There is no doubt true that this Court under the revisional jurisdiction, should not disturb the finding. However, the order impugned shall itself get qualified to pass the test that is to say, the discretion was not exercised by the Court below on untenable ground. In the case on hand, in view of the absence of any sufficient cause in the affidavit, the petition cannot be allowed.

 

RIGHT TO INFORMATION

KARNATAKA HIGH COURT

Sri H.S. Satish Babu Public Information Officer Vs. Sri K.L. Srinivasan and The State Information Commission rep. by its State Chief Information Commissioner (Decided on 24.10.2008) MANU/KA/0432/2008

Right to information - Penalty - Complaint filed against the Petitioner under Section 18(1) of the Right to Information Act, 2005 for not providing information to informant within statutory time limit - Maximum penalty imposed by State Information Commissioner - Whether order is sustainable or not ?

A reference has been made in the order regarding the conduct of the petitioner, he being the Tahsildar-cum-Execute Magistrate of the Taluk, he is duty bound to submit the required information and inspite of giving sufficient opportunity, he has not mend his attitude nor made any sincere efforts to appear personally and explain the difficulties and there is no intentional or deliberate delay on his part for furnishing the required information

Consistently, petitioner has failed to assist and comply the directions issued by the Commissioner and he has compelled the Commissioner to invoke Section 20(1) of the Right to Information Act, and therefore, there is no other option for the Commissioner to take such a stringent action which is mandatory in nature, under Section 20(1) of the Act, and accordingly, he has passed the order vide Annexure-B imposing penalty on the petitioner with directions.

 

FAMILY

BOMBAY HIGH COURT

Hashim Huzursab Sayeed Vs. Goribi Hashim Sayeed, Sohil Hashim Sayeed and The State of Maharashtra (Decided on 23.01.2009) MANU/MH/0072/2009

Maintenance -Question before the Revisional court was whether in view of the provisions of Section 3 of the Muslim Women (Protection of Rights on Divorce) Act, 1986, the application under Section 125 of Cr.P.C. filed by the respondents, was maintainable or not ?
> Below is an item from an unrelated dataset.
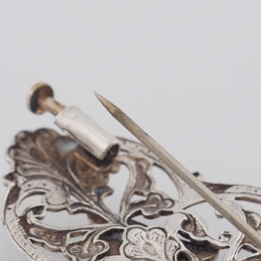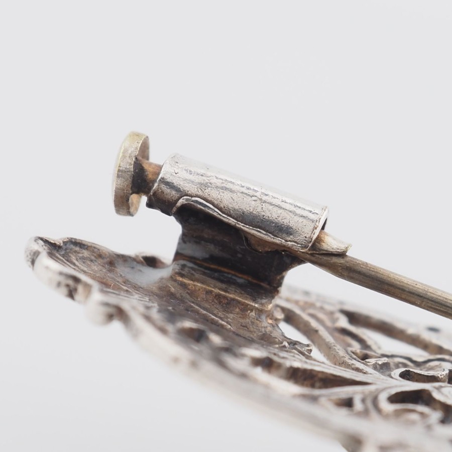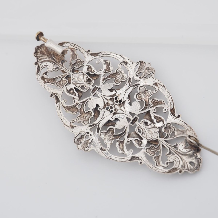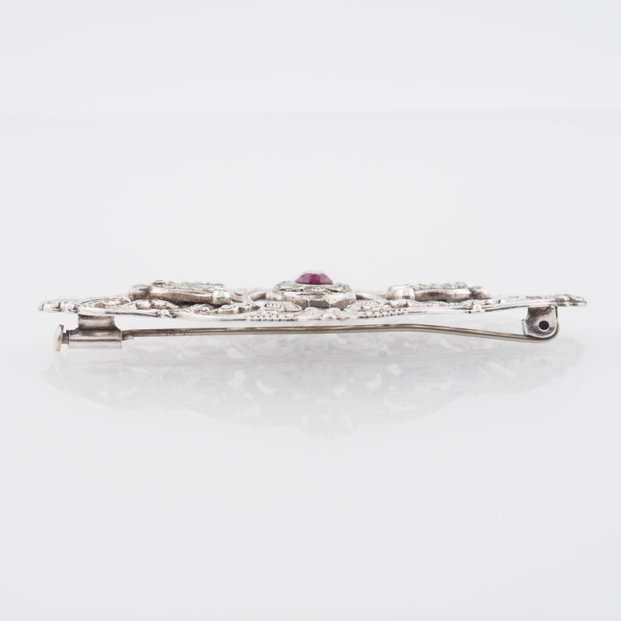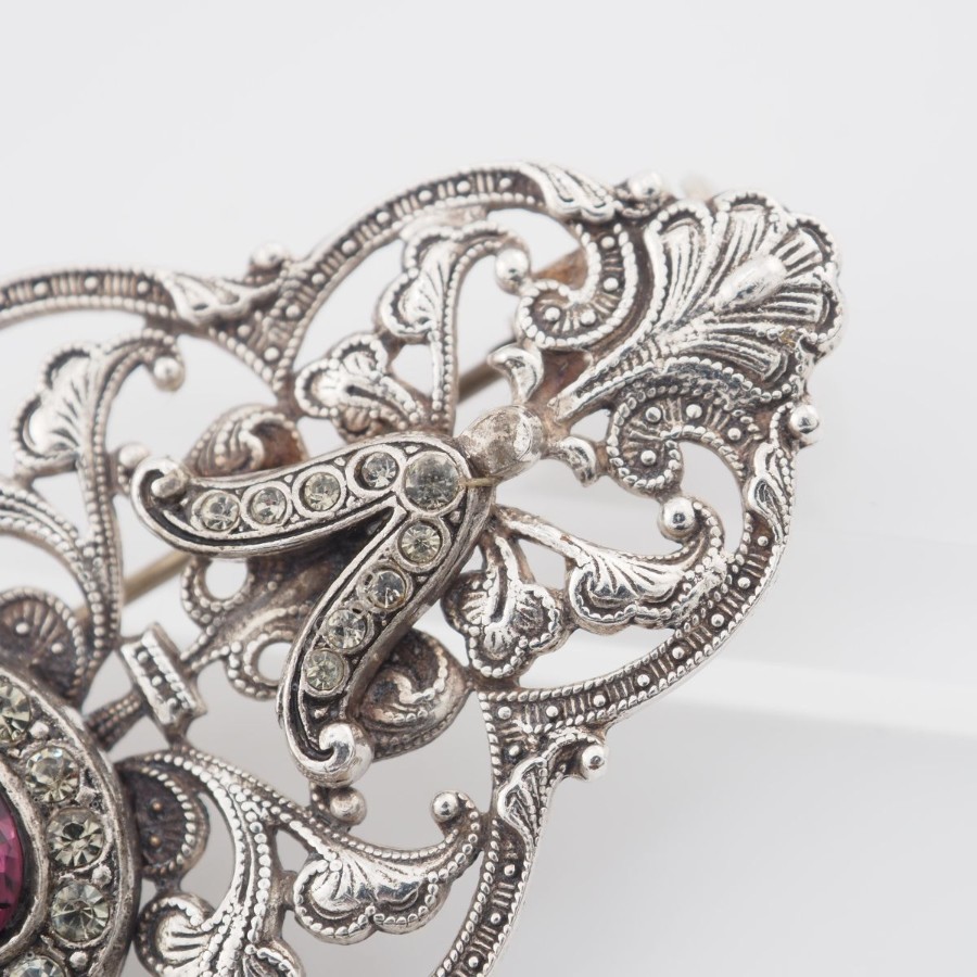 V532 Amethyst-like Diamond-like Brooch, Openwork Design, Silver Color, Vintage

Court was of the view that the provisions of Muslim Women (Protection of Rights on Divorce) Act, 1986, the application filed by the wife for maintenance under Section 125 of Cr.P.C. was not maintainable.
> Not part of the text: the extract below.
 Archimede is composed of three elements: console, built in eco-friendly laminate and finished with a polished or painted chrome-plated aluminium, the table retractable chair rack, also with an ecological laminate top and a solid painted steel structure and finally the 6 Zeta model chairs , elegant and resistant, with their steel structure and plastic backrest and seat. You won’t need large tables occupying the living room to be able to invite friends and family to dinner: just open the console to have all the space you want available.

Status of the present applicant/respondent No. 1 on 22.9.1997 was divorcee and therefore, her application under section 125 of Cr.P.C. was not maintainable in view of the provisions of Section 3(2) of the Muslim Women (Protection of Rights on Divorce) Act, 1986

 

CONTEMPT OF COURT

DELHI HIGH COURT

Santosh Kapoor Vs. Apex Computers P. Ltd. (Decided on 28.01.2009) MANU/DE/0115/2009

Contempt of Court -Question before the court was whether the breach of undertaking given in court would amount to Contempt of court or not ?

Breach of an undertaking given to a Court amounts to contempt as would be apparent from the categorical and explicit definition of 'Civil Contempt' under Section 2(b) of the Contempt of Courts Act, 1971.

Failure to pay the amount undertaken, amounts to a contempt which in a situation of this nature is a continuous wrong. Therefore, in my view, the present contempt petition is not barred by limitation as prescribed in Section 20 of the Contempt of Courts, Act.